Recently, the Togolese government withdrew nearly all the social services it provided rural communities. This governmental neglect has exacerbated the poor economic circumstances the villages face, Cotton noted. In response, Farendé has implemented a Committee for Community Development to help address these issues.

Given the current economic dilemma, Ridgeway and Cotton saw a greater opportunity for their project. By charging a small fee for computer usage, the computer center they built can now be a business. Its profits will go directly to Farendé’s Committee for Community Development in order to back community initiatives.

For five months, the students raised money for their project and accumulated and shipped supplies, including solar panels, laptop computers and power invertors. Once in Togo, they designed and carried out renovations to the building’s roof, installed the solar panels and assembled and tested the whole system.
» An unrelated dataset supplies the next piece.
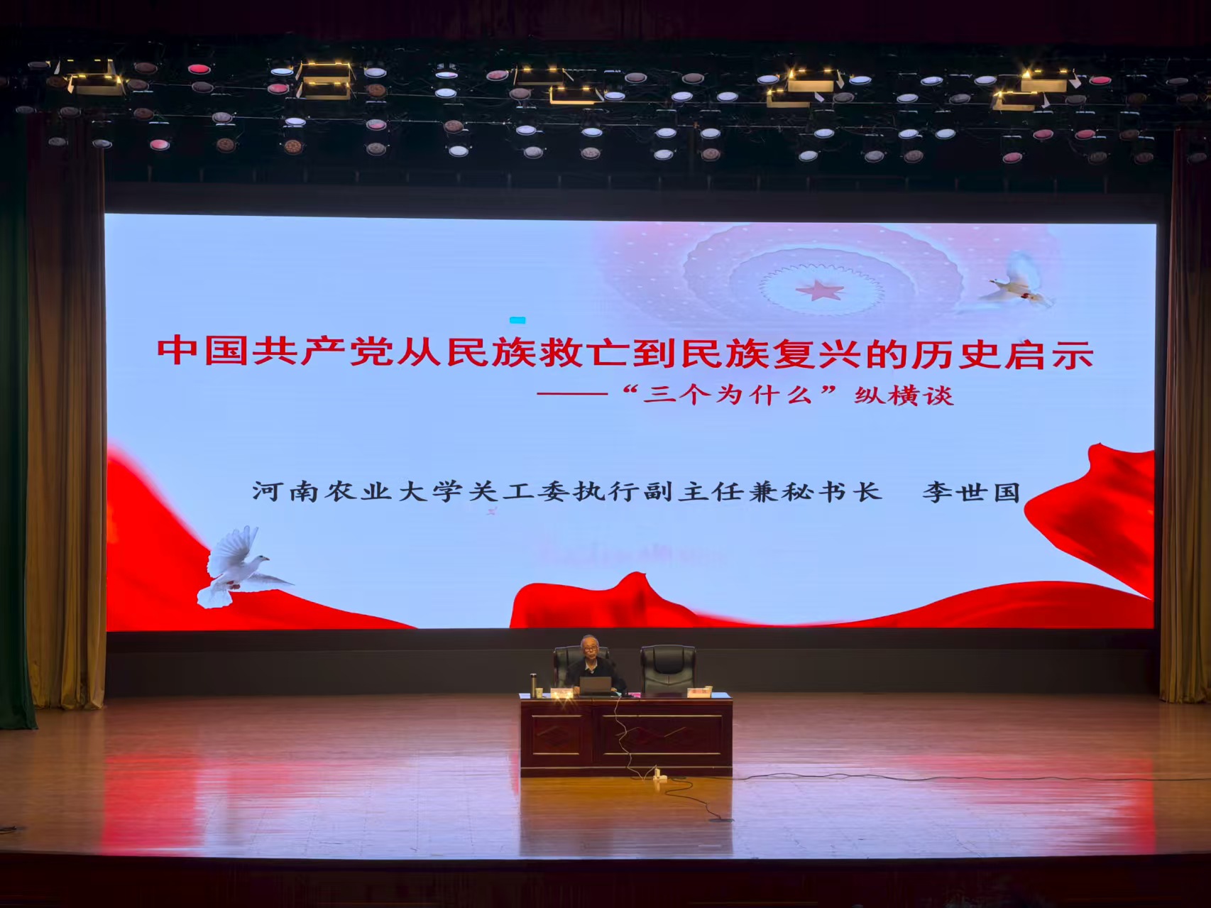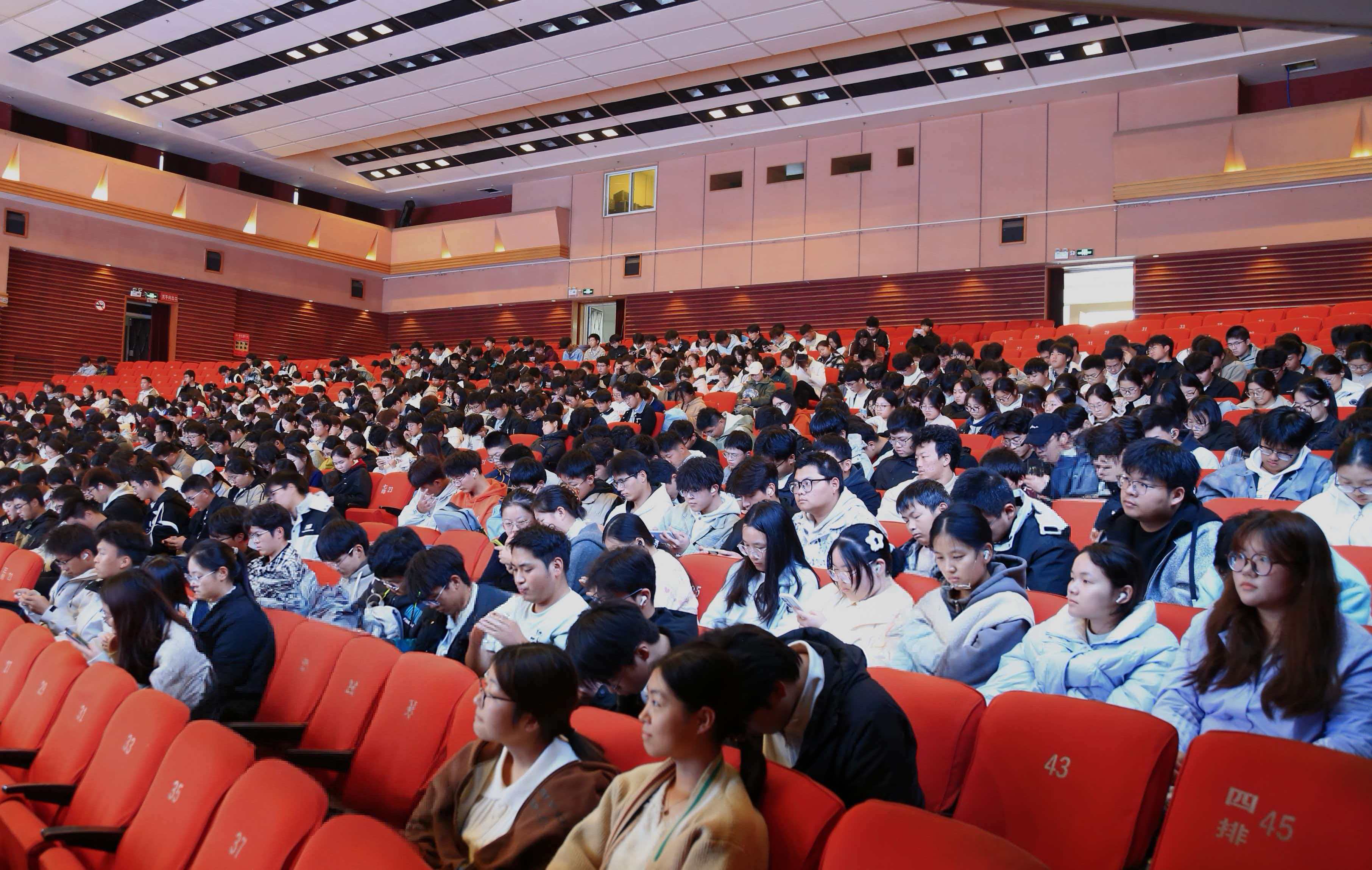 于文化路校区千人大礼堂召开“大学生成长成才报告会”。此次报告会由研究生辅导员李锦老师主持,校关工委执行副主任兼秘书长李世国老师主讲,以党史为脉络,为25级全体新生带来了一场思想深刻、内容丰富的“开学第一课”。

Without any electricity, local technicians or infrastructure for support, the students worked almost entirely on their own.

“We relied entirely on Connor’s previous experience in engineering and construction to design the more technical aspects of the project,” Ridgeway said. “Because of my previous experience in the village and my personal connections with its inhabitants, I was responsible for handling the communication aspects of the project.”

Ridgeway and Cotton noted that although the project was challenging, they both had very positive experiences.

“This was the hardest thing I have ever been able to accomplish,” Cotton said. “As the only engineering student to go to Togo through Dr. Piot’s program, I saw the village in very different terms from the global health and cultural anthropology students who had gone before me. When working on the engineering aspects of the project in the field, I had no guidance and had to rely only on myself, which was definitely a learning experience.”